Department of Anatomy and Neurobiology, Virginia Commonwealth University Medical Campus, Richmond, VA 23298, USA.
J Neuroinflammation. 2011 Aug 24;8:105. doi: 10.1186/1742-2094-8-105.
Increasing evidence links diverse forms of air pollution to neuroinflammation and neuropathology in both human and animal models, but the effects of long-term exposures are poorly understood.
We explored the central nervous system consequences of subchronic exposure to diesel exhaust (DE) and addressed the minimum levels necessary to elicit neuroinflammation and markers of early neuropathology.
Male Fischer 344 rats were exposed to DE (992, 311, 100, 35 and 0 μg PM/m³) by inhalation over 6 months.
DE exposure resulted in elevated levels of TNFα at high concentrations in all regions tested, with the exception of the cerebellum. The midbrain region was the most sensitive, where exposures as low as 100 μg PM/m³ significantly increased brain TNFα levels. However, this sensitivity to DE was not conferred to all markers of neuroinflammation, as the midbrain showed no increase in IL-6 expression at any concentration tested, an increase in IL-1β at only high concentrations, and a decrease in MIP-1α expression, supporting that compensatory mechanisms may occur with subchronic exposure. Aβ42 levels were the highest in the frontal lobe of mice exposed to 992 μg PM/m³ and tau [pS199] levels were elevated at the higher DE concentrations (992 and 311 μg PM/m³) in both the temporal lobe and frontal lobe, indicating that proteins linked to preclinical Alzheimer's disease were affected. α Synuclein levels were elevated in the midbrain in response to the 992 μg PM/m³ exposure, supporting that air pollution may be associated with early Parkinson's disease-like pathology.

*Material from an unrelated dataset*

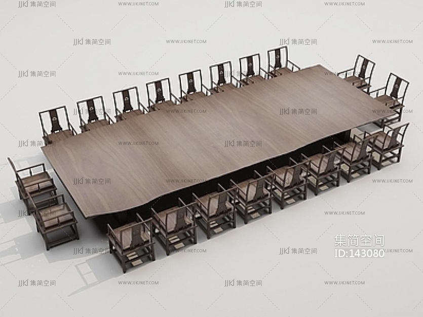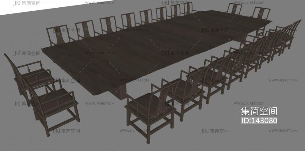 中式会议桌椅组合SU模型 su草图模型下载 [模型ID:143080]

Together, the data support that the midbrain may be more sensitive to the neuroinflammatory effects of subchronic air pollution exposure. However, the DE-induced elevation of proteins associated with neurodegenerative diseases was limited to only the higher exposures, suggesting that air pollution-induced neuroinflammation may precede preclinical markers of neurodegenerative disease in the midbrain.
越来越多的证据表明,各种形式的空气污染与人类和动物模型中的神经炎症和神经病理学有关,但对长期暴露的影响知之甚少。

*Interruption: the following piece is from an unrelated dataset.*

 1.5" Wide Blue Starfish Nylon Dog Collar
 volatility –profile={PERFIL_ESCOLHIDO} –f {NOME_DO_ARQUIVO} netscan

我们探讨了亚慢性接触柴油机尾气(DE)对中枢神经系统的影响,并探讨了引发神经炎症和早期神经病理学标志物的最低水平。
雄性 Fischer 344 大鼠通过吸入暴露于 DE(992、311、100、35 和 0 μg PM/m³)6 个月。
DE 暴露导致所有测试区域的 TNFα 水平升高,除小脑外。中脑区域最为敏感,暴露于低至 100 μg PM/m³ 的 DE 即可显著增加大脑 TNFα 水平。然而,这种对 DE 的敏感性并没有赋予所有神经炎症标志物,因为中脑在所有测试浓度下均未增加 IL-6 表达,仅在高浓度下增加 IL-1β 表达,并且 MIP-1α 表达减少,表明亚慢性暴露可能会发生代偿机制。暴露于 992 μg PM/m³ 的小鼠额叶 Aβ42 水平最高,而在较高的 DE 浓度(992 和 311 μg PM/m³)下,tau[pS199]水平在颞叶和额叶均升高,表明与临床前阿尔茨海默病相关的蛋白质受到影响。α 突触核蛋白水平在中脑对 992 μg PM/m³ 暴露的反应中升高,支持空气污染可能与早期帕金森病样病理学有关。
综上所述,数据支持中脑可能对亚慢性空气污染暴露的神经炎症效应更为敏感。然而,仅在较高暴露水平下,与神经退行性疾病相关的蛋白质升高,表明空气污染引起的神经炎症可能先于中脑神经退行性疾病的临床前标志物。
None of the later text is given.